### Exercise material
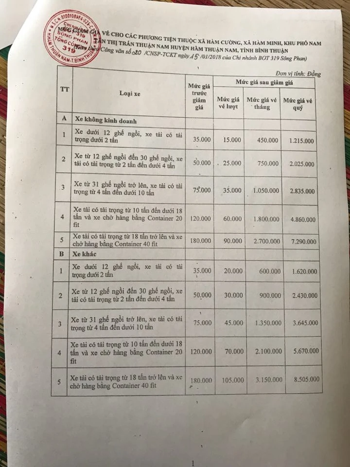 Văn bản cho biết đơn vị này sẽ giảm giá vé cho các phương tiện quanh khu vực trạm BOT Sông Phan trên QL1 gồm các xã Hàm Cường, Hàm Minh và khu phố Nam Tân, thị trấn Thuận Nam, huyện Hàm Thuận Nam từ lúc 0 giờ ngày 16-1.
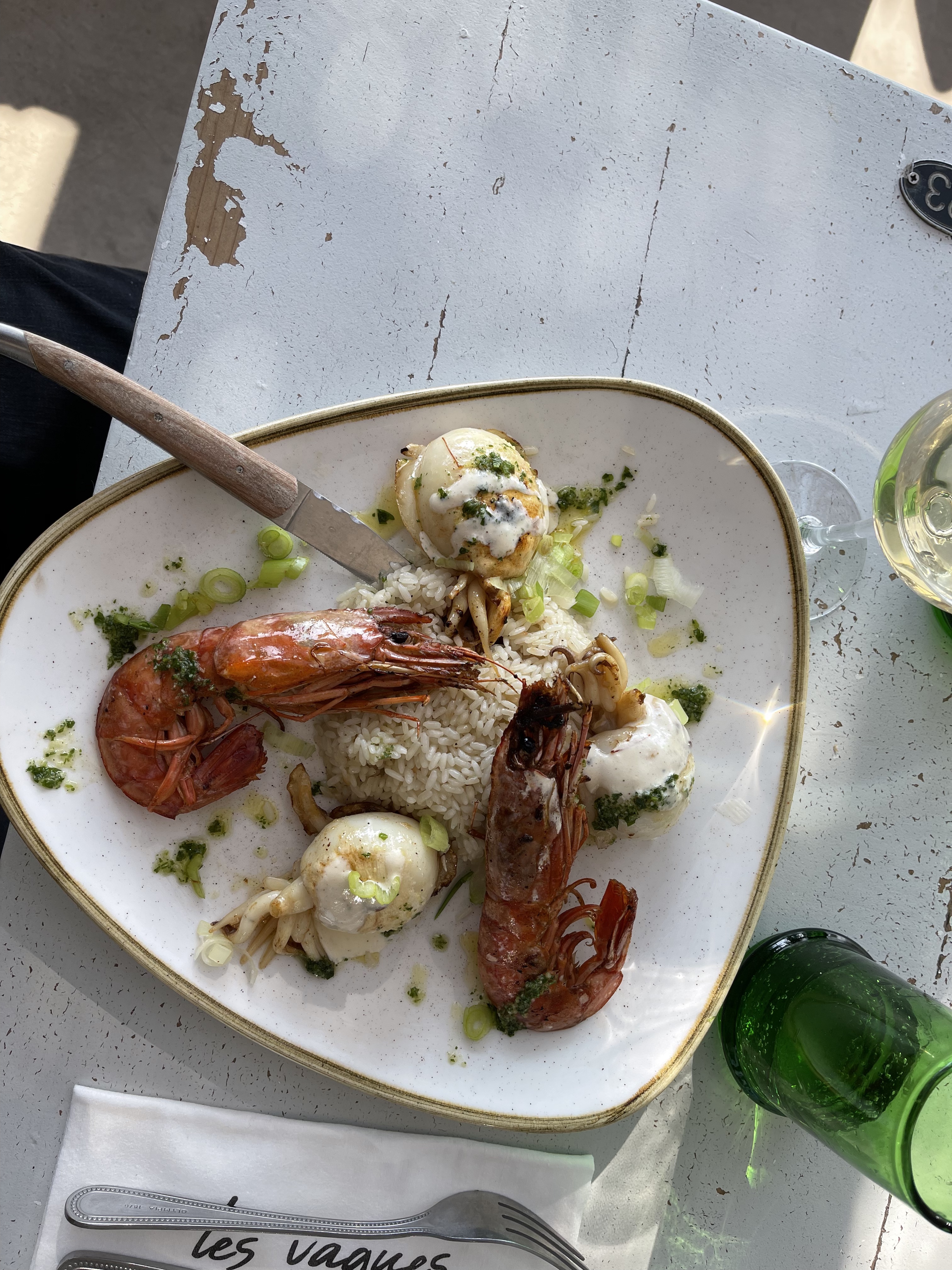 Nous avons mangé au restaurant. Le service était vraiment top de la part de chacun des serveurs, tous très attentionnés.. Les plats étaient excellents ! Nous avons prit les gambas, les sèches et poulets panés pour la petite et c'était parfait. La terrasse est trop belle, avec des végétaux vraiment trop beau, en face du port... Pour faire suite aux commentaires précédents, oui l'eau est payante mais au moins elle n'a pas l'odeur du chlore..... Merci pour ce repas.
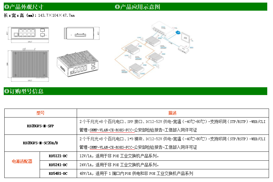RD28GFS-M-SFP是網(wǎng)管型工業(yè)以太網(wǎng)交換機(jī),產(chǎn)品符合FCC、CE、RoHS標(biāo)準(zhǔn)。支持2個千兆光口和8個百兆電口;支持工業(yè)現(xiàn)場所需的以太網(wǎng)二層協(xié)議,保證通信網(wǎng)絡(luò)的穩(wěn)定性;該系列交換機(jī)采用低功耗、無風(fēng)扇設(shè)計,確保無噪聲干擾,同時支持-40~80℃工作溫度和良好的EMC電磁兼容性能,保證在惡劣的工業(yè)環(huán)境中保持穩(wěn)定的工作,為工廠自動化,智能交通,視頻監(jiān)控等工業(yè)應(yīng)用領(lǐng)域組建快速穩(wěn)定的網(wǎng)絡(luò)終端接入網(wǎng)絡(luò)提供安全可靠的解決方案。
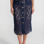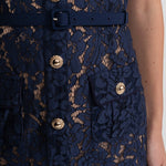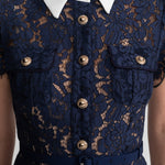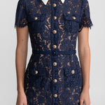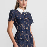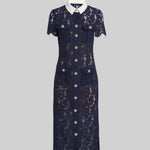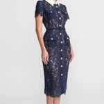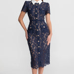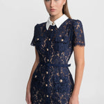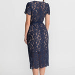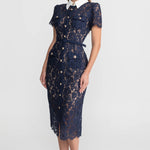 Lacivert Çiçek Dantelli, Gömlek Yaka ve Kemerli Midi Elbise
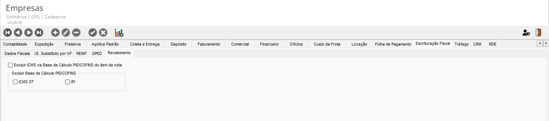 Em CFG > Cadastros > Empresa, na guia Escrituração Fiscal, sub-guia Recebimento, configure os impostos que serão excluídos da Base de PIS/COFINS do item:
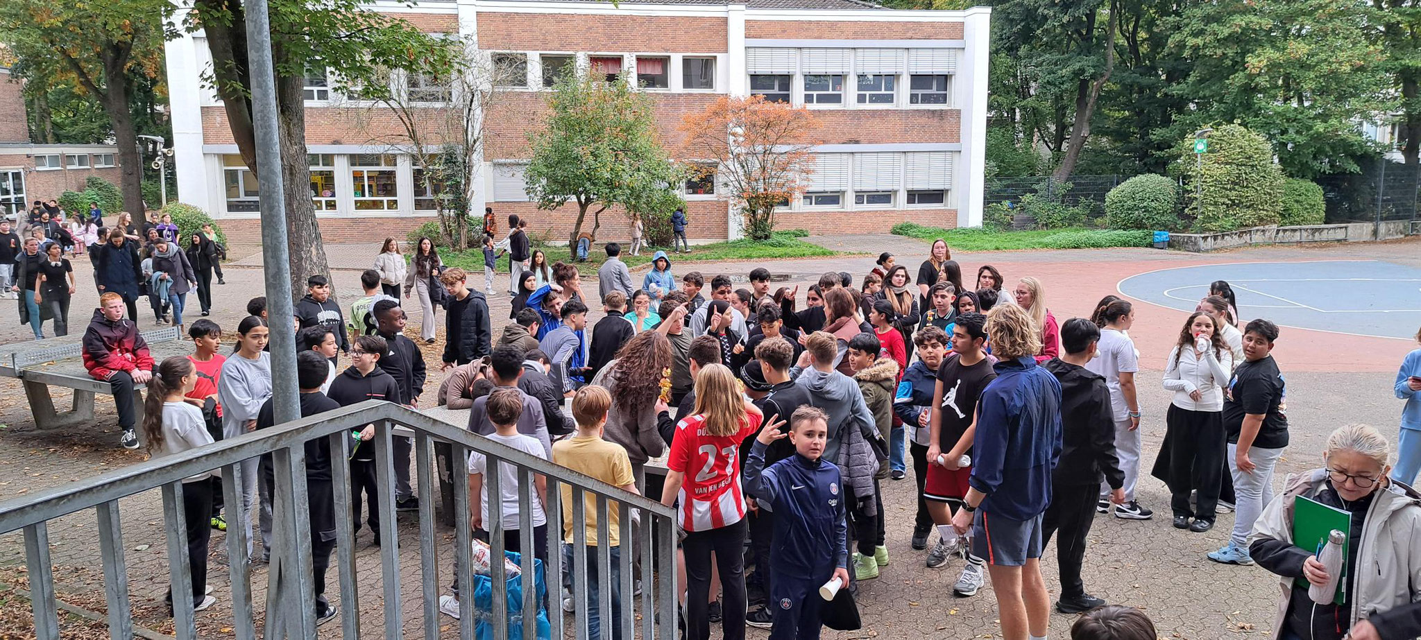 Am Weltkindertag, 20.09.2023, trafen sich die Klassen 5a, 5b, 6a und 6b mit den Schulsozialarbeiterinnen Frau Schwartmann, Frau Maaßen und Frau Ixkes auf dem Schulhof, um den Kinderschutz-Song zu rappen. Alle waren mit viel Enthusiasmus und Freude dabei.
######
--- What you are asked to do ---
Locate "Em CFG > Cadastros" in the entries above. Copy, exactly and only, the lines from that line to the end, leaving out the pictures.

--- Output of the task ---
 Em CFG > Cadastros > Empresa, na guia Escrituração Fiscal, sub-guia Recebimento, configure os impostos que serão excluídos da Base de PIS/COFINS do item:
 Am Weltkindertag, 20.09.2023, trafen sich die Klassen 5a, 5b, 6a und 6b mit den Schulsozialarbeiterinnen Frau Schwartmann, Frau Maaßen und Frau Ixkes auf dem Schulhof, um den Kinderschutz-Song zu rappen. Alle waren mit viel Enthusiasmus und Freude dabei.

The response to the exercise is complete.